• TASK TO COMPLETE
An exact copy of the lines, starting at the top of the listing and ending with the line that has "聞き込みを続けていると、地元", is the required answer. Pictures are not part of it.
SUPPLIED DATA Block Start
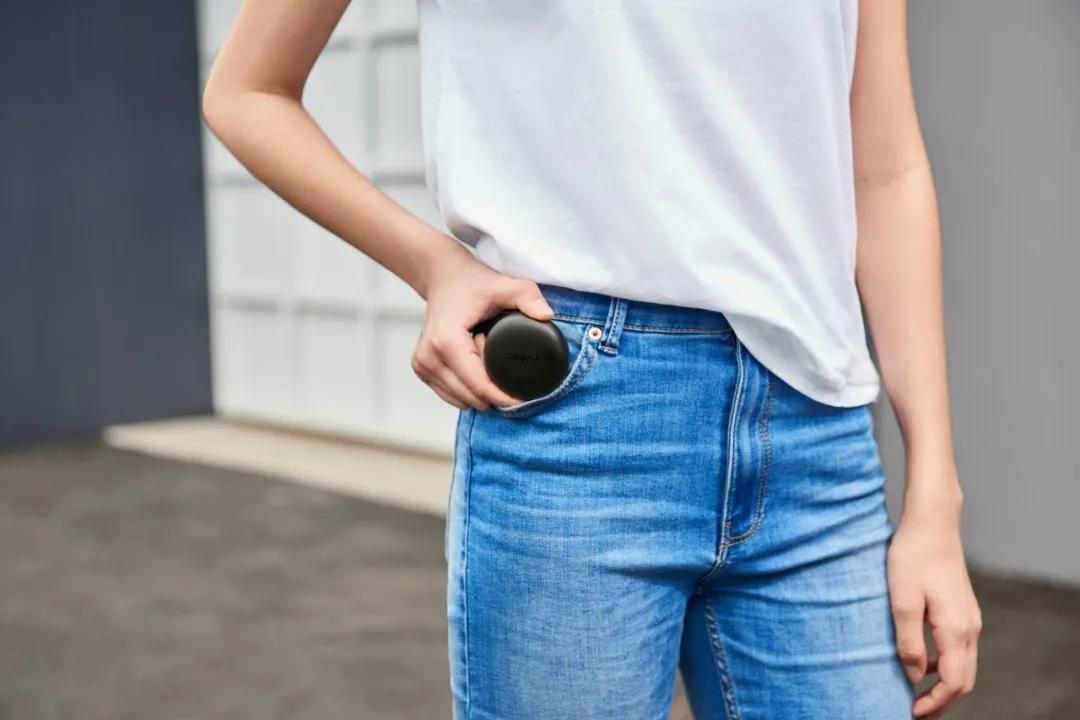 它拥有“敢自黑”“被表白”“真爱粉”三种配色,听这个名字是不是感觉有一点调皮的感觉?是的,它的颜色命名也的确来自于网络词汇,非常新潮有个性。而我们拿到的是一款“敢自黑”,比较耐脏,但是容易沾染指纹。可以看到它仅有手掌中心一块大小,内部采用磁吸式设计,耳机放入其中会牢牢吸附住。同时,充电盒还采用了与大部分手机相同的Type-C充电接口,免去了单独配备充电线的烦恼。
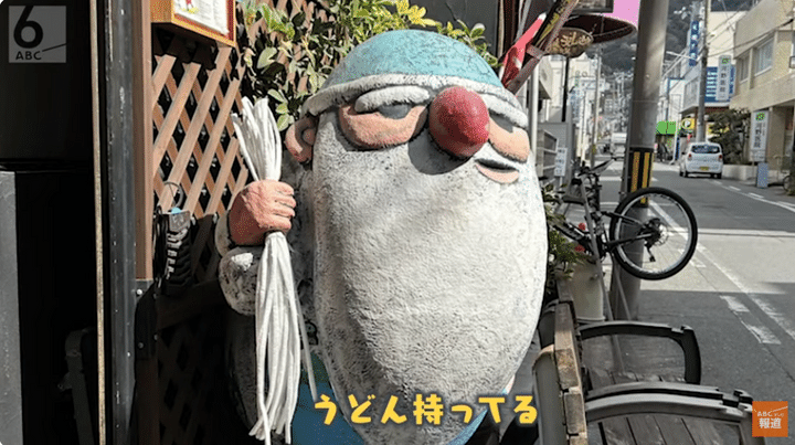 聞き込みを続けていると、地元の人から有力な情報が。これらは「100にんのサンタ」と呼ばれ、店ごとに個性をいかしたサンタが置かれているとのこと。店先にサンタがいるうどん店で話を聞いてみると、サンタの“仕掛け人”の存在が明らかになりました。
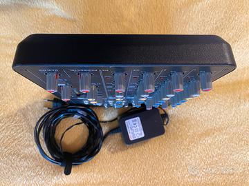 L'F62X è un mixer a 6 canali, un mixer professionale compatto che offre grande qualità e maggior affidabilità rispetto al passato. Questo dispositivo assicura un suono lineare, accurato e naturale ed è ideale per concerti, registrazioni e installazioni PA fisse. Il mixer ha due canali di ingresso mono (con preamplificatori microfonici ultra silenziosi e alimentazione Phantom +48 Volt) provvisto di EQ a 3 bande per i controlli Hi, Mid e Low con connettore XLR e jack 1/4" e 2 canali di ingresso stereo provvisti di EQ a 2 bande per i controlli Hi e Low con connettori jack 1/4". Sono presenti controlli per 1 Aux, indicatori visivi a 4 LED ed ingresso 2-track-in rca assegnabile al Main Mix, alle uscite Control Room/Phones. Il controllo del volume è di tipo rotativo su tutti i canali. Caratteristiche Risposte in frequenza: 10Hz - 55KHz, +/-3dB Distorsione Armonica Totale (THD+N): <0,03% at +0dB, 22Hz--22KHz Mic: 2 Gain range: 0dB - 50dB Phantom Power: +48V Mono Line: 2 Stereo Line: 2 2 Track: Yes Stereo Return: Yes Main Mix: 2x Jack bilanciati Control Room: 2x Jack bilanciati Aux Send: 1 FX Send:1 Cuffie: 1 Bande sui canale Mono: +/-15dB @12KHz; +/-15dB @2,5KHz; +/-15dB @80Hz Bande sui canale Stereo: +/-15dB @12KHz / +/-15dB @80Hz Aux: 1 FX: 1 Preset: Warm hall, Bright Hall, Warm Room, Bright Room, Vocal, Plate, Stereo Delay, Rev+Delay, Rev+Chorus Alimentazione: 230VAC ~50/60Hz 1000mA Assorbimento: 17W Cabinet: ABS Colore: Charcoal Grey
SUPPLIED DATA Block End
• OUTPUT BELOW
 它拥有“敢自黑”“被表白”“真爱粉”三种配色,听这个名字是不是感觉有一点调皮的感觉?是的,它的颜色命名也的确来自于网络词汇,非常新潮有个性。而我们拿到的是一款“敢自黑”,比较耐脏,但是容易沾染指纹。可以看到它仅有手掌中心一块大小,内部采用磁吸式设计,耳机放入其中会牢牢吸附住。同时,充电盒还采用了与大部分手机相同的Type-C充电接口,免去了单独配备充电线的烦恼。
 聞き込みを続けていると、地元の人から有力な情報が。これらは「100にんのサンタ」と呼ばれ、店ごとに個性をいかしたサンタが置かれているとのこと。店先にサンタがいるうどん店で話を聞いてみると、サンタの“仕掛け人”の存在が明らかになりました。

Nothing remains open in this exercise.